======== Data to use
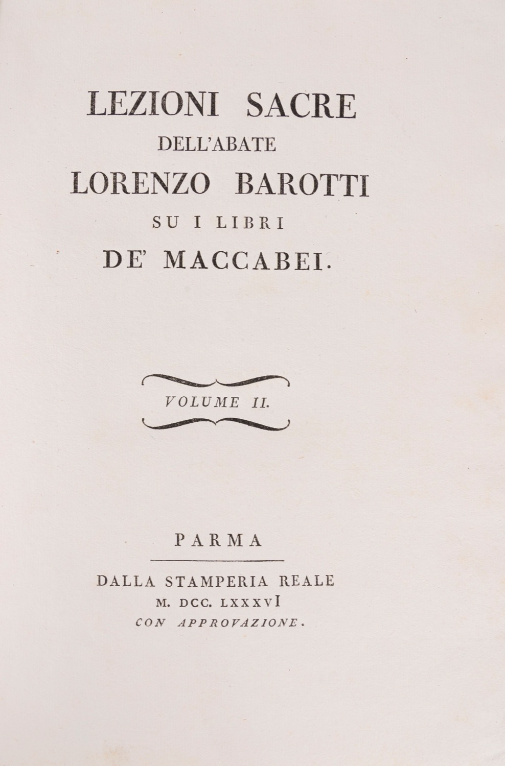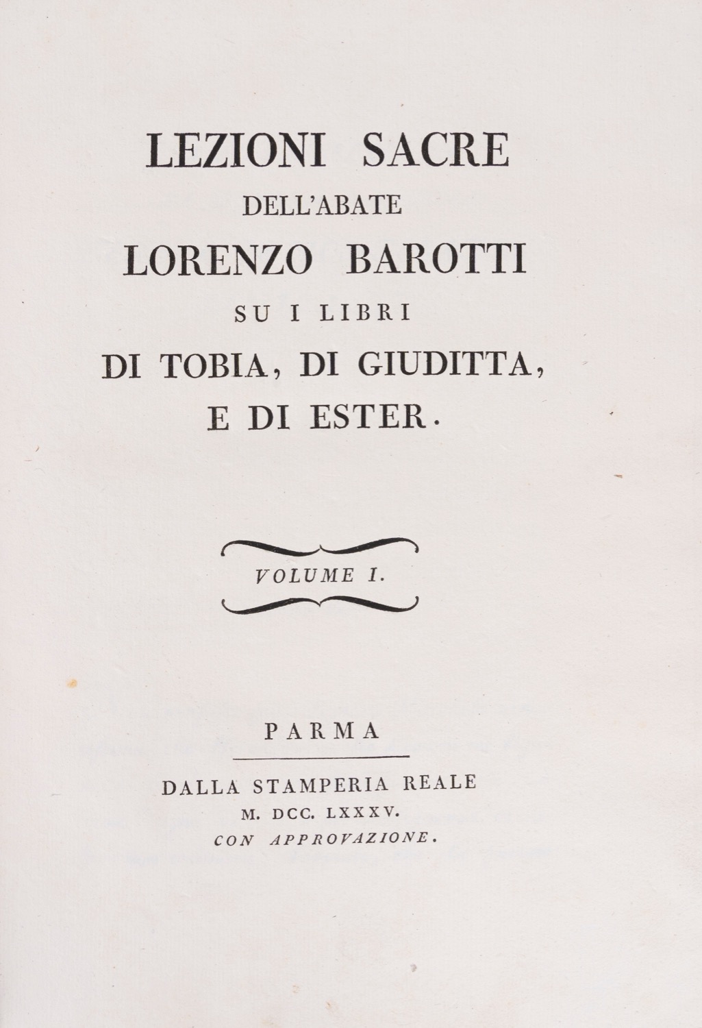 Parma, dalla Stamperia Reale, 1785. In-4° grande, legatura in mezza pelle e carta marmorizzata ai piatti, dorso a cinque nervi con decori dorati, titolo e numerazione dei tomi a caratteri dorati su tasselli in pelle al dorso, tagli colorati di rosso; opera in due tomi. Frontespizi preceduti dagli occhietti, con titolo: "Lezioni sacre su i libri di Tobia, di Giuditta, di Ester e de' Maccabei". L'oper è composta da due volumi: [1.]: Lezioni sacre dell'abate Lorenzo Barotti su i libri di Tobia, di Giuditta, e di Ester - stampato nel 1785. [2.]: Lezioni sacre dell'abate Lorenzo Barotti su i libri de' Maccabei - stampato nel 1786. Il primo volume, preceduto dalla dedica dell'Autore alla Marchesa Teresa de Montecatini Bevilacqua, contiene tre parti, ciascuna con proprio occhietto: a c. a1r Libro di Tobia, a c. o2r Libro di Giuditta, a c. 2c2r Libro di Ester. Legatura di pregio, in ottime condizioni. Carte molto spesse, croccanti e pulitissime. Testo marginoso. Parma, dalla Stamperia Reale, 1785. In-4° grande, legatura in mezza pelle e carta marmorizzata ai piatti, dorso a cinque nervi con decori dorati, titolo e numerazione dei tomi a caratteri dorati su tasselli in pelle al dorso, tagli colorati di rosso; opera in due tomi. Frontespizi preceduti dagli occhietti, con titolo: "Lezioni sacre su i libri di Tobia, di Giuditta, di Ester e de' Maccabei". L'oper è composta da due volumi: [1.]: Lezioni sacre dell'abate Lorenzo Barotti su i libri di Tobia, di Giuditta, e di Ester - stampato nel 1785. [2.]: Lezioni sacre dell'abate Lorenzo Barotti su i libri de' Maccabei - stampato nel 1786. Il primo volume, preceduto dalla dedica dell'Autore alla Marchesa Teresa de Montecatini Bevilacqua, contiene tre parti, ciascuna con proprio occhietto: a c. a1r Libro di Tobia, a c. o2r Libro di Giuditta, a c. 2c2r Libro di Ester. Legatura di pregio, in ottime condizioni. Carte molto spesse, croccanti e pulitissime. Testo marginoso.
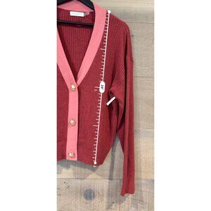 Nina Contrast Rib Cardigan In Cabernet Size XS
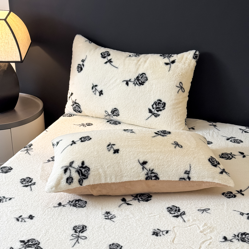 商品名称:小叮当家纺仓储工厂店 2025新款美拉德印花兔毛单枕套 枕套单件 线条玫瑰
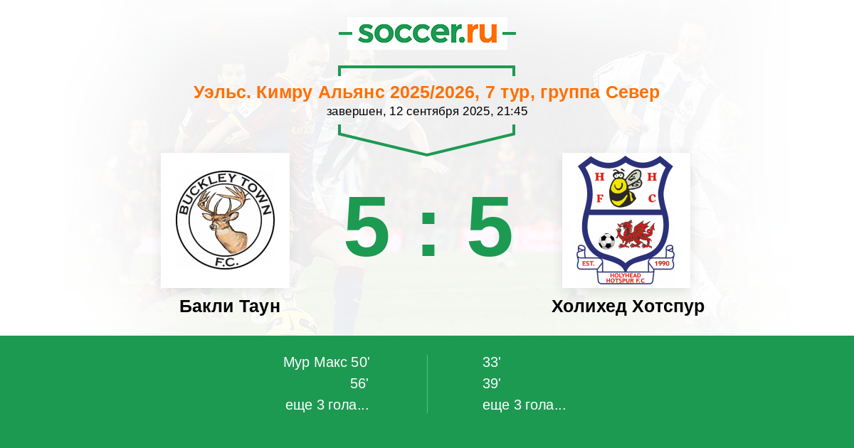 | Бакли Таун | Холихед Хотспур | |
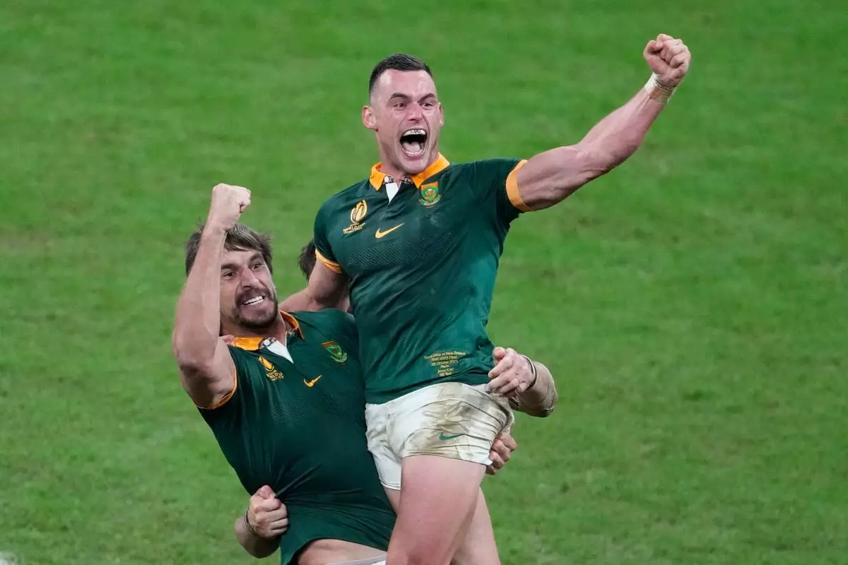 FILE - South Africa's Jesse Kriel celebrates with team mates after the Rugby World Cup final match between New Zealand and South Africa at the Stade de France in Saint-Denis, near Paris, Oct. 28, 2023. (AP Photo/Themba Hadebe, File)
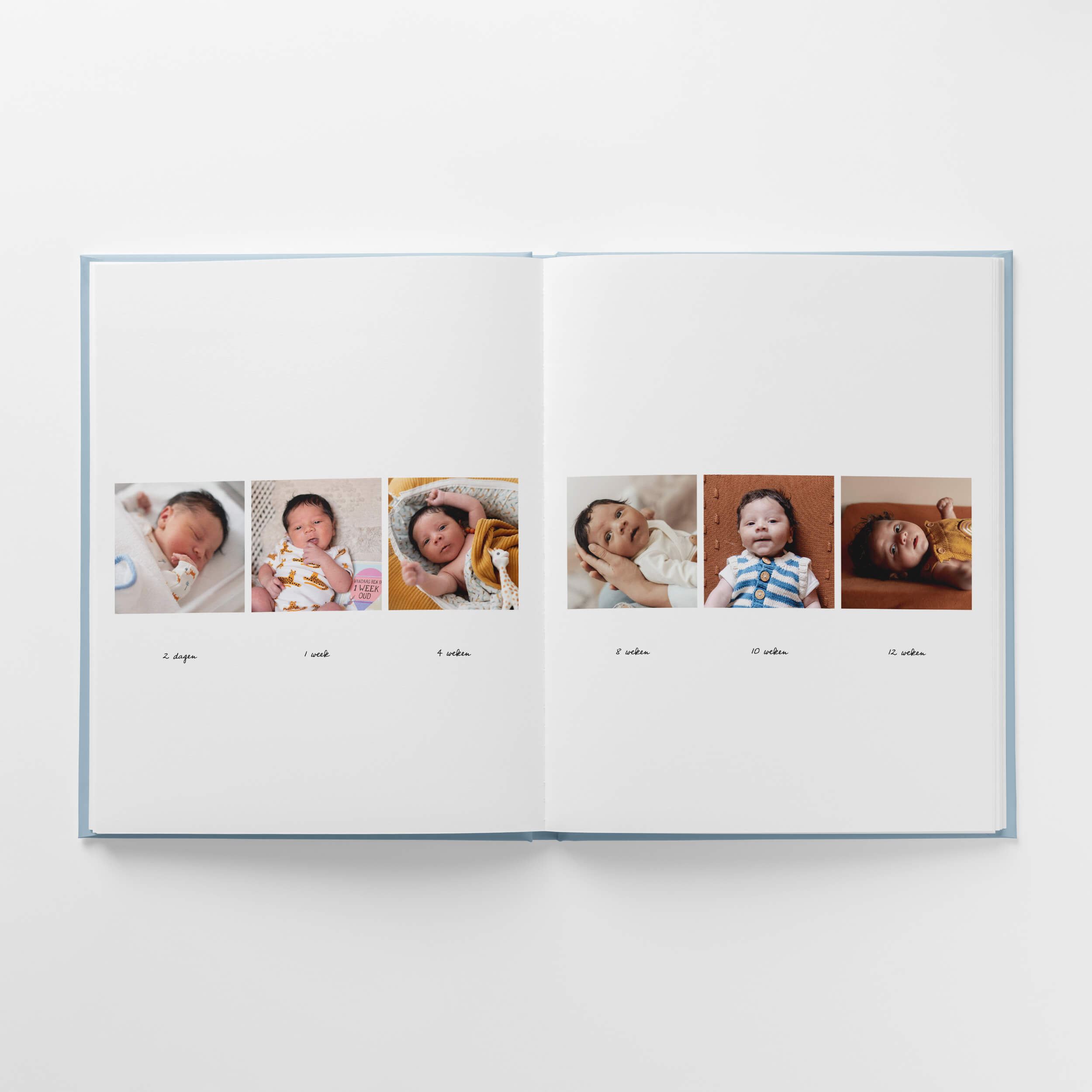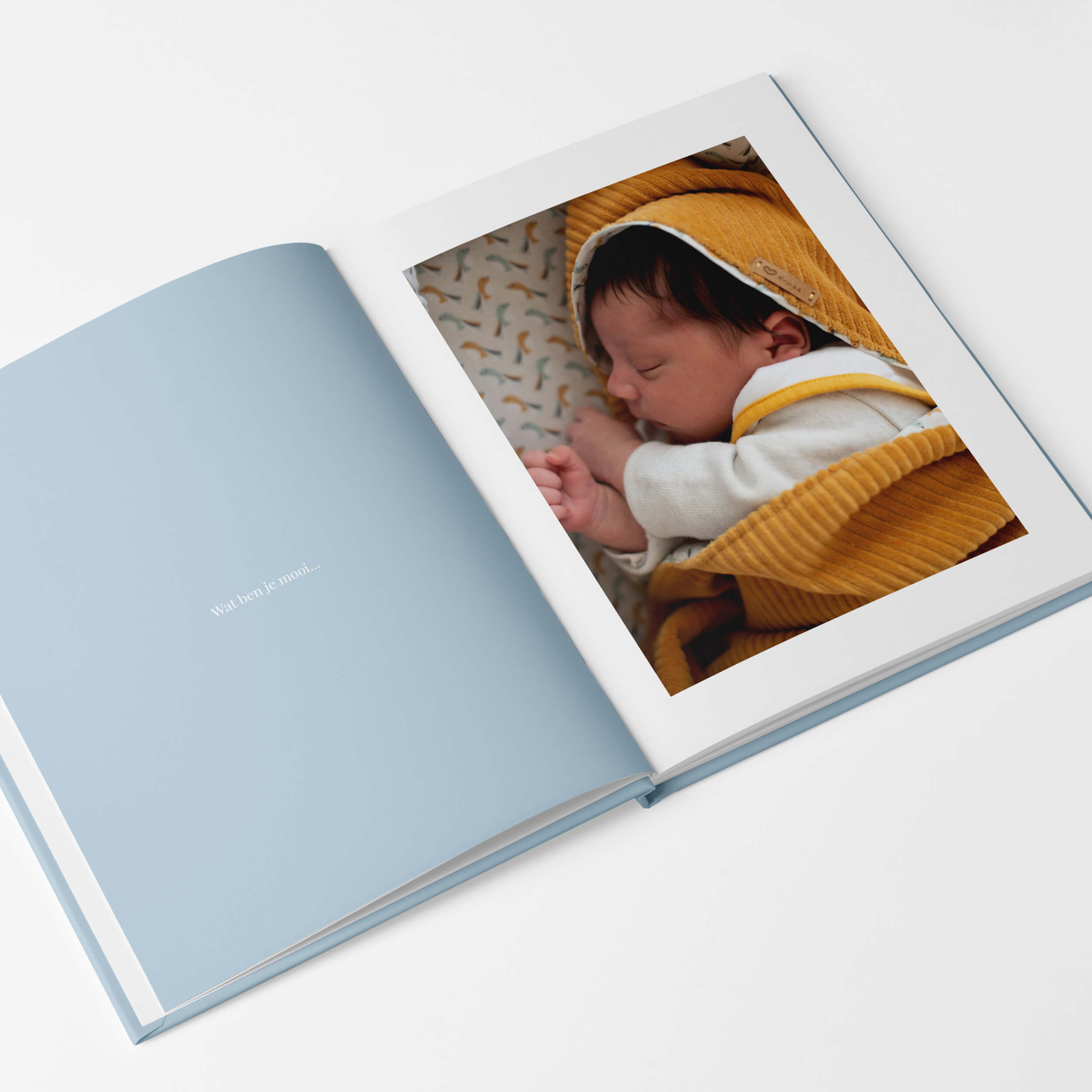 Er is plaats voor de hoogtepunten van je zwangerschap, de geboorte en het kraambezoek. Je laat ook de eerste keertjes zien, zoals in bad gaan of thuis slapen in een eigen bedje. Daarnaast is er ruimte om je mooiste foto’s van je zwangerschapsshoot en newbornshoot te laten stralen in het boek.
================
What is being asked:
From the line containing "商品名称:小叮当家纺仓储工厂店 2025新款美拉德印花兔毛单枕套 枕套单件 线条玫瑰" through the last line of the records, both included, output those lines exactly and nothing else; skip the pictures.

Exercise output:
 商品名称:小叮当家纺仓储工厂店 2025新款美拉德印花兔毛单枕套 枕套单件 线条玫瑰
 | Бакли Таун | Холихед Хотспур | |
 FILE - South Africa's Jesse Kriel celebrates with team mates after the Rugby World Cup final match between New Zealand and South Africa at the Stade de France in Saint-Denis, near Paris, Oct. 28, 2023. (AP Photo/Themba Hadebe, File)
 Er is plaats voor de hoogtepunten van je zwangerschap, de geboorte en het kraambezoek. Je laat ook de eerste keertjes zien, zoals in bad gaan of thuis slapen in een eigen bedje. Daarnaast is er ruimte om je mooiste foto’s van je zwangerschapsshoot en newbornshoot te laten stralen in het boek.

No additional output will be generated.